Since they first emerged in 1980, biologic therapies have changed the treatment landscape for various indications including asthma, cancers, and autoimmune diseases. However, the high cost of biologics caused by huge research investments, and expensive development processes and materials, make them less accessible to patients than traditional small molecule drugs. (1)

The European Medicines Agency (EMA) describes a biosimilar as a ‘biological medicine that is similar to another biological medicine that has already been authorized for use’. (2) The European Union (EU) has been a frontrunner in the adoption of biosimilar medicines, with the EMA being the first regulatory body in the world to define a consistently monitored and updated policy and legal framework for biosimilar approval. (2) Since its approval of Omnitrope® in 2006, the EMA has approved 86 biosimilars, allowing them to capture 10% of the total biologics market value by May 2021, producing over $20 billion of savings in Europe (3,4,5).

Within the next decade, blockbuster biologics such as Stelara, Keytruda and Entyvio are going to be falling off the patent cliff, significantly widening the biosimilar market space. However, biosimilar players will encounter substantial barriers when competing with originators for a share of the market. Unlike traditional generics which can often be priced 50% lower than branded medications, biosimilars require complex processes and expensive materials allowing discounts up to only 35% compared to originators. (6) Further, based on current practices, companies are expected to face difficulties in navigating the complex regulatory space in the EU, having to address fragmented policies according to the region and developing suitable strategies to ensure the success of bringing their biosimilar product to the European system. This is made even more challenging by the role in played by a trinity of major stakeholders – payers, patients, and physicians - who influence biosimilar uptake to varying degrees based on patient type and geography even within the EU. Thus, gaining an in-depth understanding of the regulatory and access nuances of each European market is crucial for biosimilar manufacturers to lower barrier to entry and maximize likelihood of success.

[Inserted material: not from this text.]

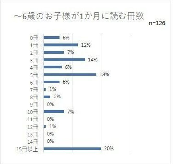 6歳以下が1カ月に読む本の数は、15冊以上がもっとも多い結果に。1~5冊ほど本を読む子どもも多いようです。

Figure 1. Biosimilar uptake is determined by a trinity of major stakeholders – payers, patients, and physicians – to varying degrees depending on geography or treatment setting
CountryPayerPhysicianPatient
Germany↑↑↑↑↑
France↑↑↑↑↑
Italy↑↑↑↑↑
Spain↑↑↑↑↑
United Kingdom↑↑↑↑↑
Figure 2. The varying influence of stakeholders on the uptake of biosimilars according to region. Higher influence is denoted by an increased number of arrows

France’s single payer system has set up its drug pricing system to stimulate competition between biosimilars, for their reference originators to realize significant cost savings and ultimately increase the uptake of biosimilar therapeutics

Biosimilar therapeutics represent 48% of the biologic market in France. (7) In 2014, the French National Agency for the Safety of Medicines and Health Products (Agence Nationale de Sécurité du Médicament et des Produits de Santé, ANSM) proposed a Social Security Financing Act to introduce a provision allowing pharmacists to substitute biosimilar drugs under appropriate circumstances unless expressly prohibited by the prescribing physician. (8,9) This measure was difficult to implement as the official decree was never published by the French government and ended up being cancelled by the Social Security Financing law in 2020. (10) However, recognizing the vast health insurance savings brought about by the development of biosimilars, various other incentive measures have been adopted to widen the uptake of biosimilars in France. Eventually, on April 14th of this year, the Social Security Financing Act 2022 re-instated the provision allowing pharmacists to substitute biosimilar drugs under strict circumstances. (10) The ANSM has proposed a step-by-step implementation of the substitutions with biosimilars to ensure proper use and safety by initially targeting only two groups of substitutable biosimilars – pegfilgrastim and filigistram, allowing sixteen drugs to be included in the new decree (11).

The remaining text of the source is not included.